Earlier in the evening, Rub had told Sully about Raymer fainting into the judge’s grave, but sitting there on Sully’s commode, covered with dried mud, his eyes blackened and swollen, his hair matted, he looked like something far worse had befallen him. Such as being beaten senseless with a cudgel or dragged behind a car by his feet. “Kind of?” Sully said.
“Okay, very.”
“Did you find what you were looking for?” Because the only reason he could think of for Raymer to be in his trailer was that he was searching for the stolen wheel boots.
But Raymer just cocked his head at this. “Sorry?”
“What are you doing in my bathroom at three in the morning?” he said, pointing the flashlight at him for emphasis. “And don’t say taking a shit.”
Raymer shifted his weight on the commode, causing the trailer to groan. “I stopped by to ask a favor,” he said.
“Of me?” Sully replied.
Raymer seemed to understand that this explanation might be hard for Sully to credit, given their personal history. “I guess I didn’t know who else to ask,” he said, adding, “Would it be all right I finished up in here?”
This seemed a reasonable request. “Sometimes you have to flush twice,” Sully warned before closing the door on him.

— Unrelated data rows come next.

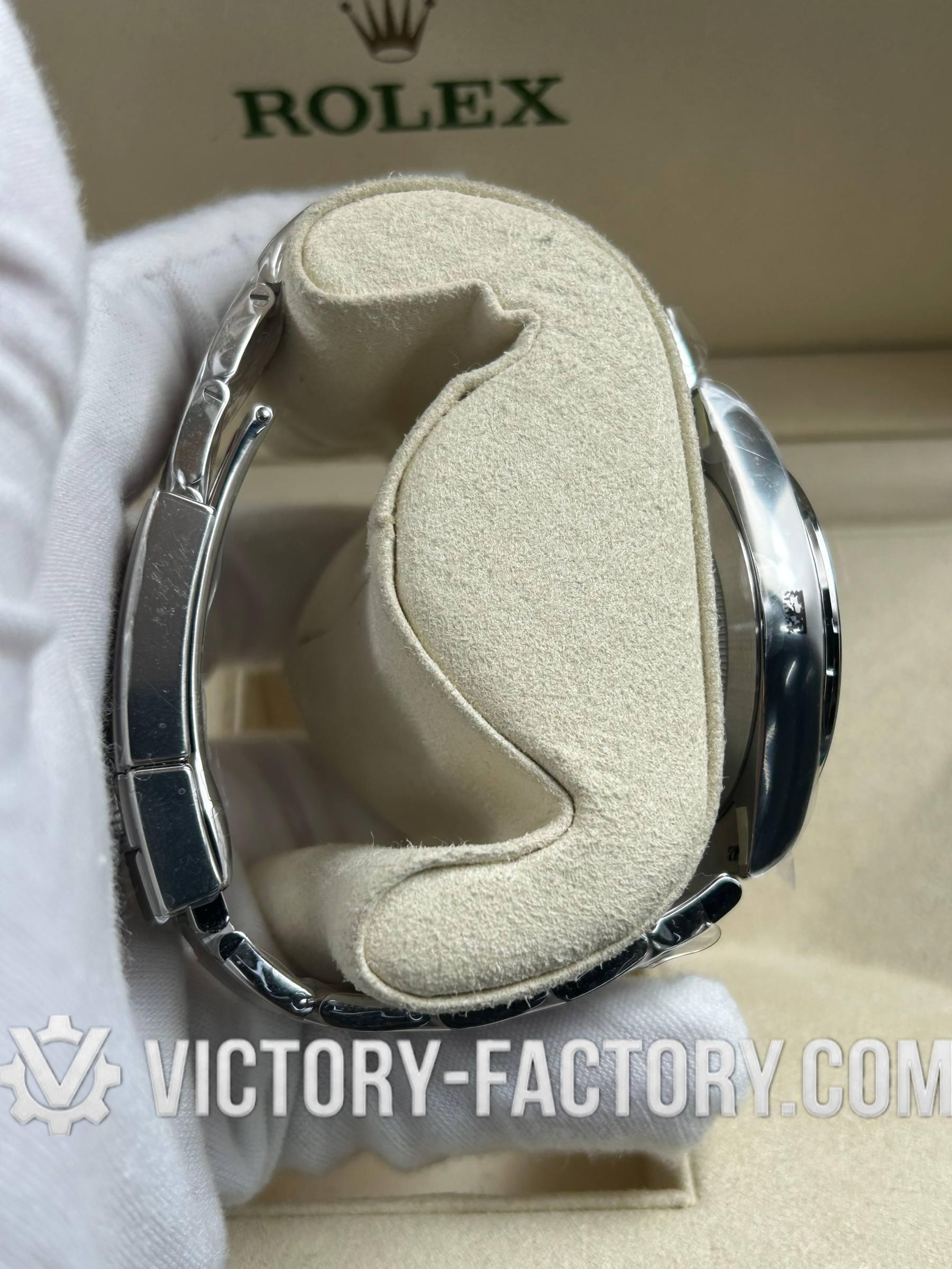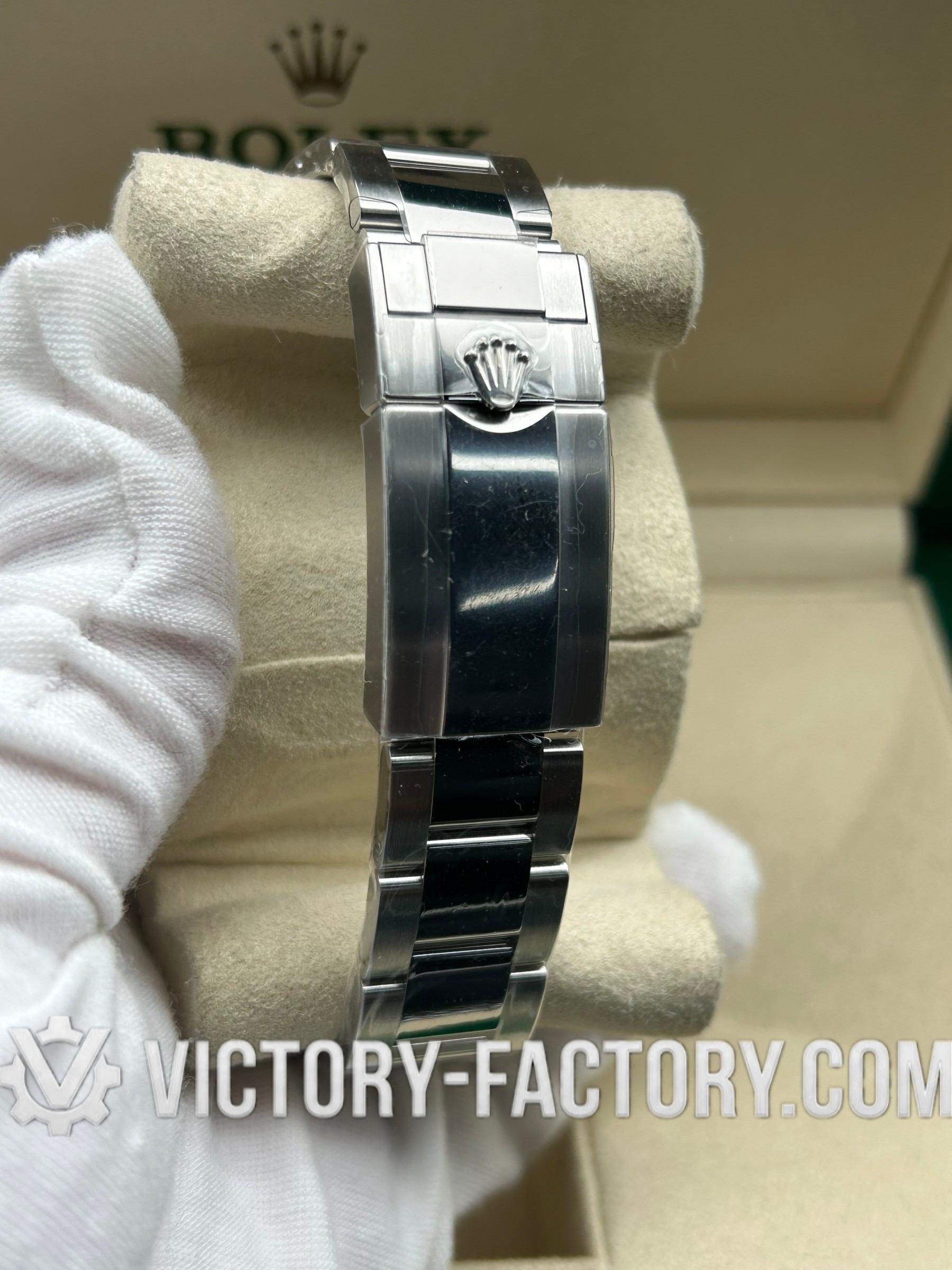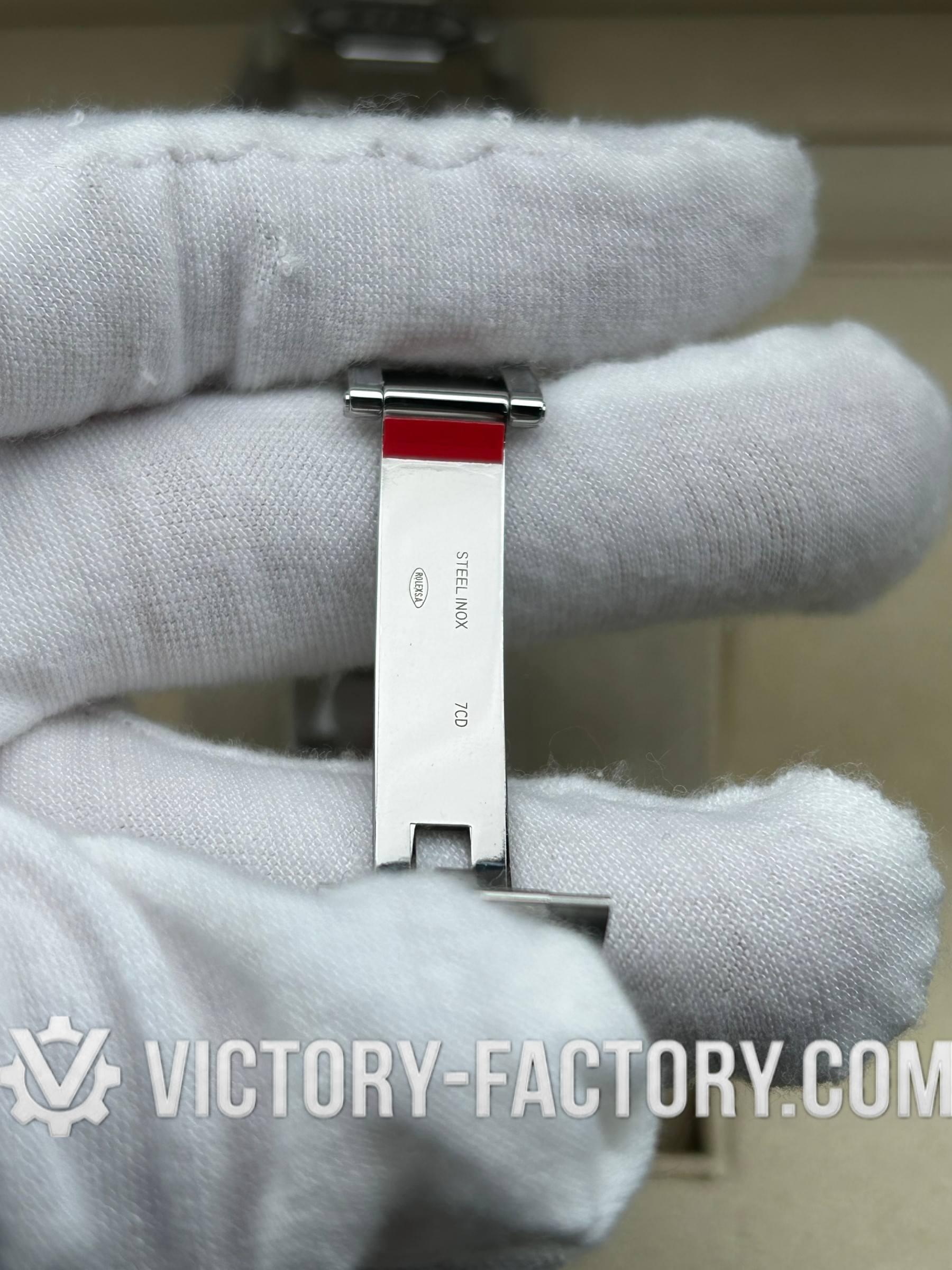 DIAL: Clean Factory’s Signature Perfection The deep black lacquer dial features “Stick” markers coated with Superluminova Blue luminescence, providing up to nine hours of low-light visibility. Victory Factory ensures that all text, prints, and the Rolex crown are laser-etched with 1:1 precision. The markers and hands are wrapped in 18k white gold to prevent oxidation and provide that unmistakable luxury glow.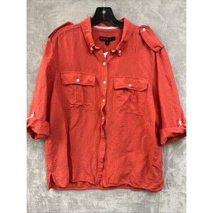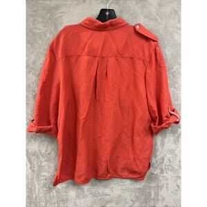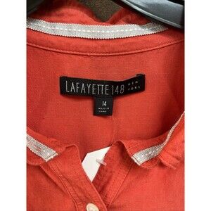 Lafayette 148 Top Womens 14 Bright Orange Linen Rayon Button Up 3/4 Sleeve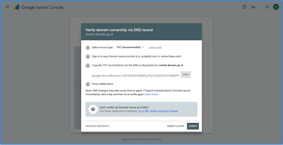 D. Lakukan verifikasi nama domain dengan mengikuti panduan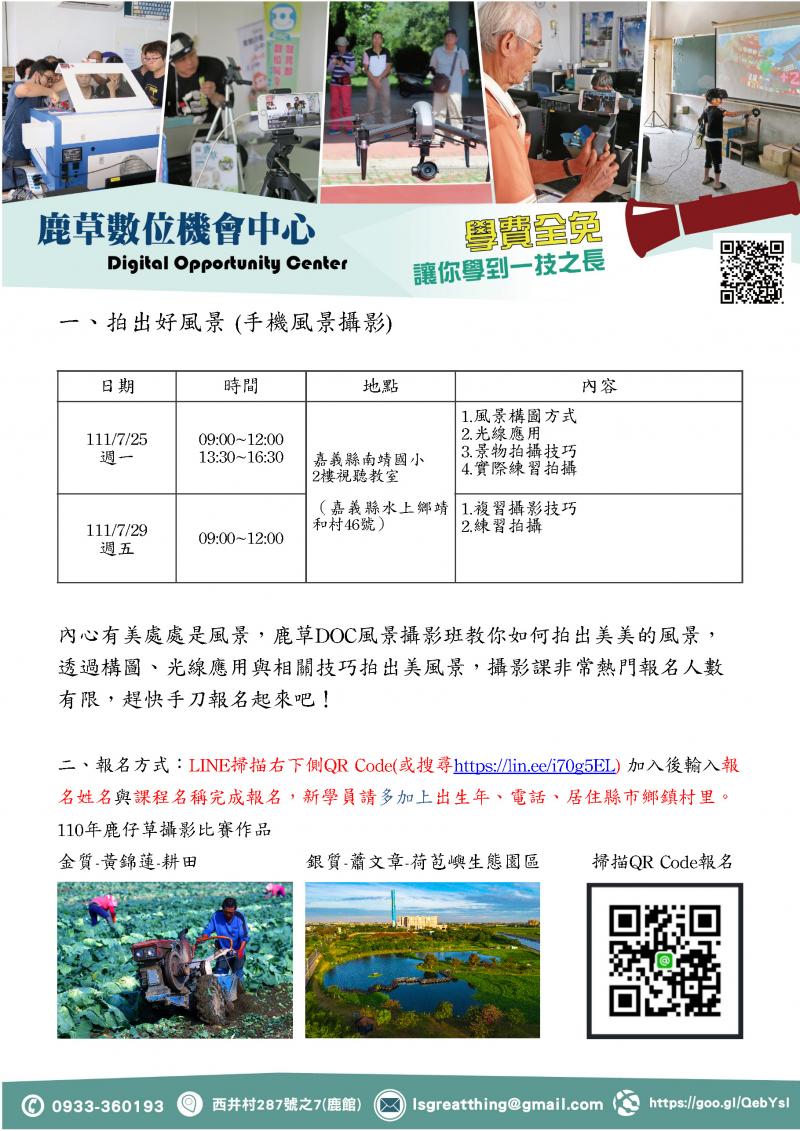 最新消息 DOC快訊 ::: <上一則 返回列表 下一則> [資訊課程] 拍出好風景 發布日期:2022-07-17 人氣:205 內心有美處處是風景,鹿草DOC風景攝影班教你如何拍出美美的風景,透過構圖、光線應用與相關技巧拍出美風景,攝影課非常熱門報名人數有限,趕快手刀報名起來吧! 課程時間: 111/7/25 09:00~12:00、13:30~16:30 111/7/29 09:00~12:00 課程地點: 嘉義縣南靖國小2樓視聽室 報名連結:https://lin.ee/i70g5EL 加入後輸入報名姓名與課程名稱完成報名, 新學員請多加上出生年、電話、居住縣市鄉鎮村里 <上一則 返回列表 下一則>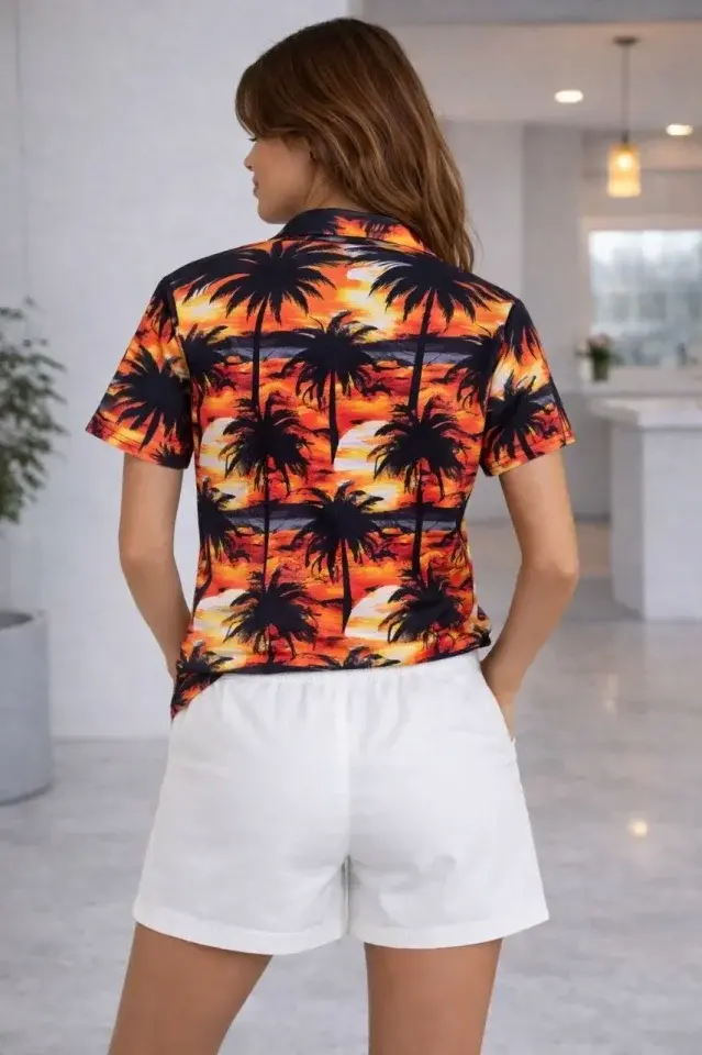 Tropikal Palmiye Desenli Gömlek Şort Takım Yazlık Rahat Kalıp - Desenli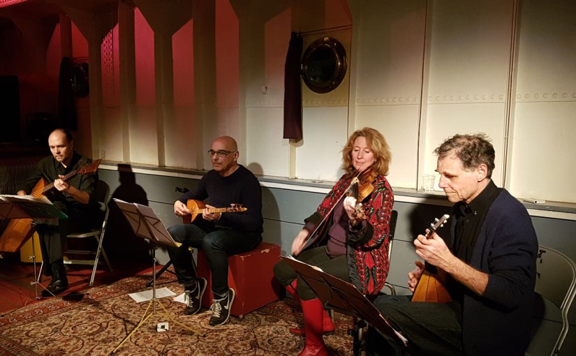 Trois instruments à trois cordes, et le violon qui en compte quatre, se mêlent pour faire résonner un répertoire varié d’Europe de l’est et Balkanique, rayonnant aussi plus loin à l’est et à l’ouest, jusqu’au-delà de l’océan. La balalaïka prima et la balalaïka basse, nées dans les campagnes russes, ont traversé les siècles et gagné une subtilité musicale qui fait le bonheur des compositeurs. Le saz fait entendre aussi bien mélodie qu’harmonies et permet un soutien de percussion. A la différence des trois autres, le violon n’a pas de frettes, et s’adjoint un archet qui permet d’apporter du liant aux arrangements que le groupe élabore et retouche au gré de son inspiration.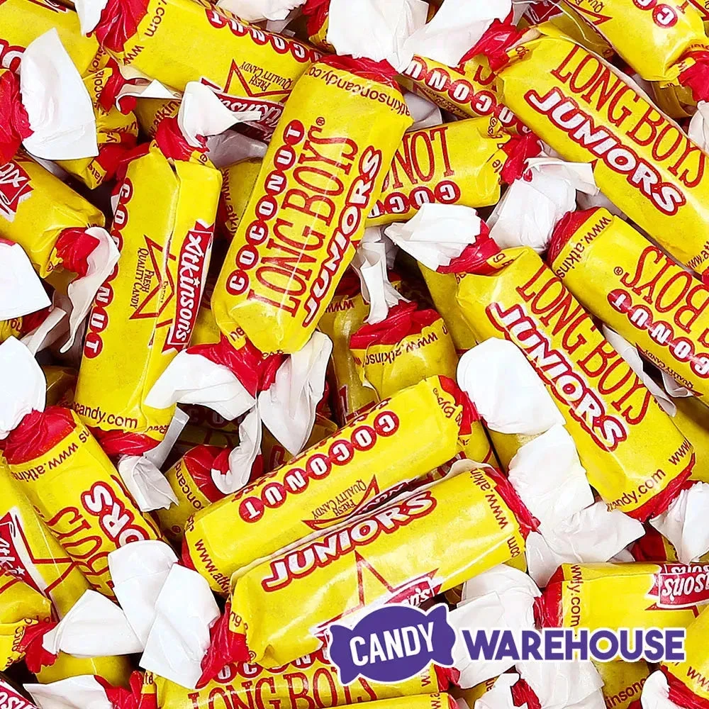 Tub contains 160 wrapped Coconut Long Boys Juniors Candy.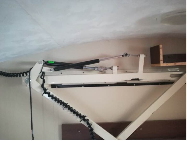 Prima di tutto bisogna togliere i vecchi pistoni, questi hanno però ancora una forza tale che non ne consente lo smontaggio: bisogna allora smontare l’asta collegata ai pistoni dalla struttura letto (il centro della X del pantografo e l’attacco in basso alla struttura del letto), prima va sorretto il letto con delle cinghie a cricchetto che passano sotto al letto e fissate alla struttura metallica ancorata alle pareti, questo consente di sganciare uno dei 4 punti di fissaggio del letto e poterci salire sopra per operare sui pistoni. Una volta sganciato il braccio del pantografo (un lato alla volta!) e alzandolo si liberano i pistoni per lo smontaggio, si può ri-fissare ora il braccio del pantografo alla struttura letto.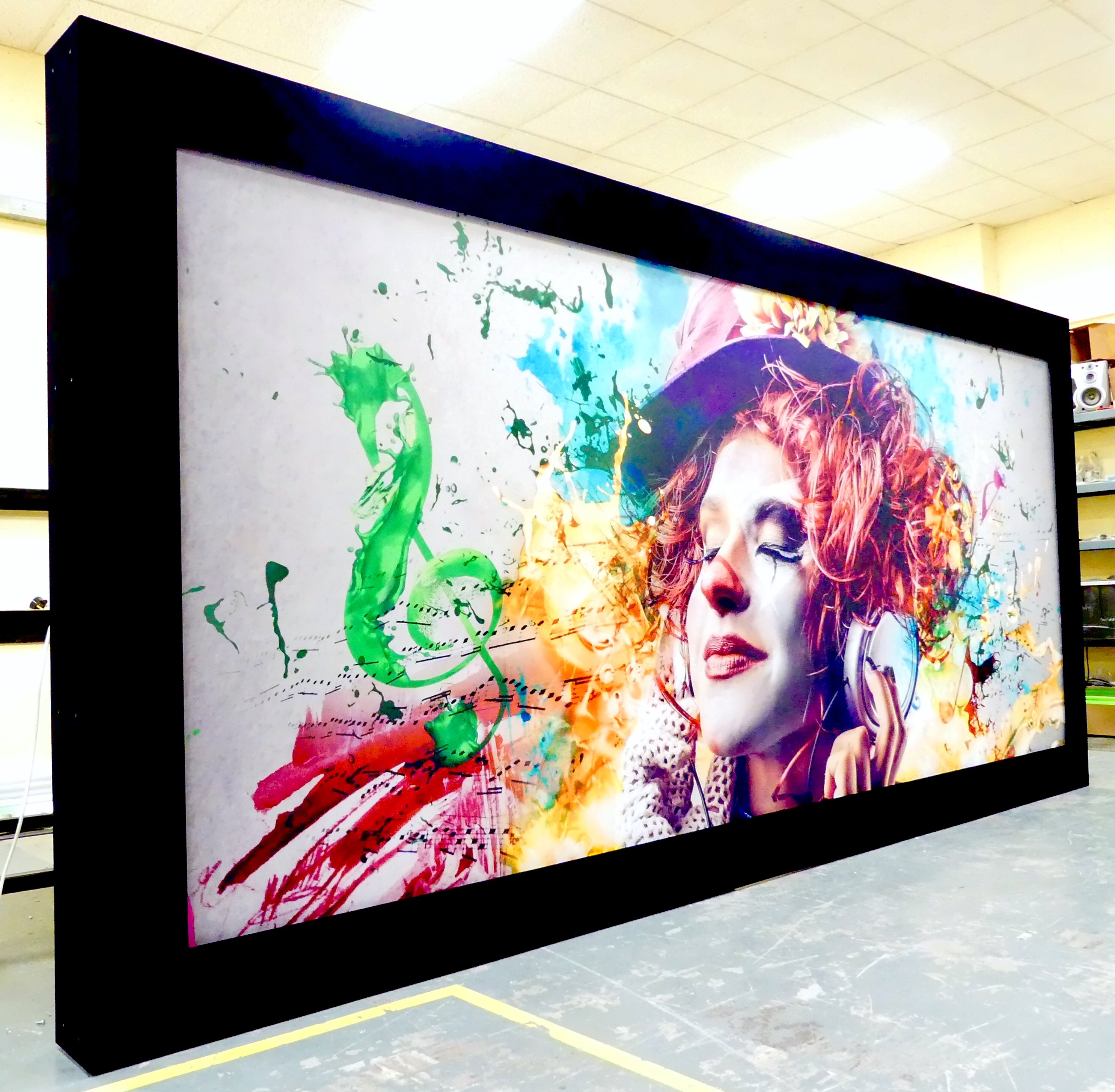 When deployed, the TAM Art Edition printed mask covers the entire surface of the film screen. Only the artwork is visible within the surrounding frame - much like a decorative picture on the wall.
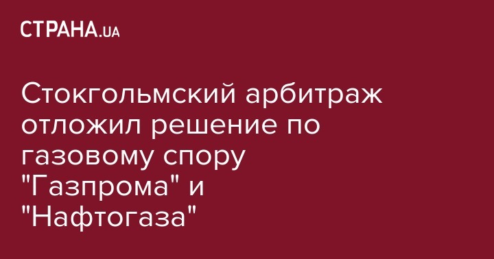 Трибунал при Арбитражном институте Торговой палаты Стокгольма планирует отложить решение по транзитному спору "Газпрома" и НАК "Нафтогаз Украины", сообщил директор по юридическим вопросам НАК Ярослав Теклюк в интервью "Юридическая газета", текст которого обнародован на сайте НАК во вторник.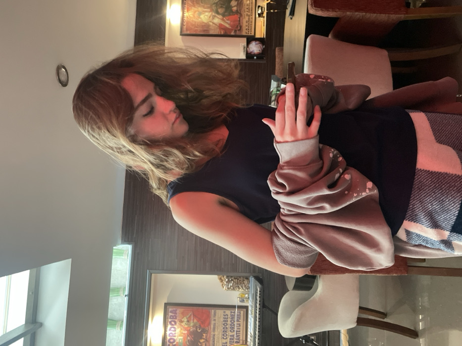 A woman with wavy brown hair looks down at something in her hands, focusing intently. She wears a navy blue sleeveless shirt with a beige, paint-splattered sweatshirt sleeve over one arm. A plaid blanket is draped nearby. The setting is indoors, with dining chairs and tables visible, along with framed posters on the wall behind her. A window lets in natural light.

He emerged thirty seconds later with wet hands. Sully, who’d retreated to the kitchen, tossed him a hand towel. He’d been meaning to put one in the bathroom but kept forgetting — the sort of oversight that made Ruth homicidal back when she was still paying him nocturnal visits.
“The front door wasn’t locked,” Raymer said, drying his hands, then handing the towel back.
“It never is.”
“We knocked.”
“We?”
“I meant ‘I.’ ”
“I’ll take your word for it.”
“And I really, really needed to pee.”
“Most men can do that standing up.”
Raymer shook his head sadly, the picture of dejection. He’d begun absentmindedly scratching the palm of his right hand, Sully noticed. “Have you ever been so exhausted you just…” He let the thought trail off.
Sully pushed a dinette chair toward him with his foot. “Have a seat.”
Raymer did, the trailer again groaning and shifting under his weight. “This is like being on a boat,” Raymer observed.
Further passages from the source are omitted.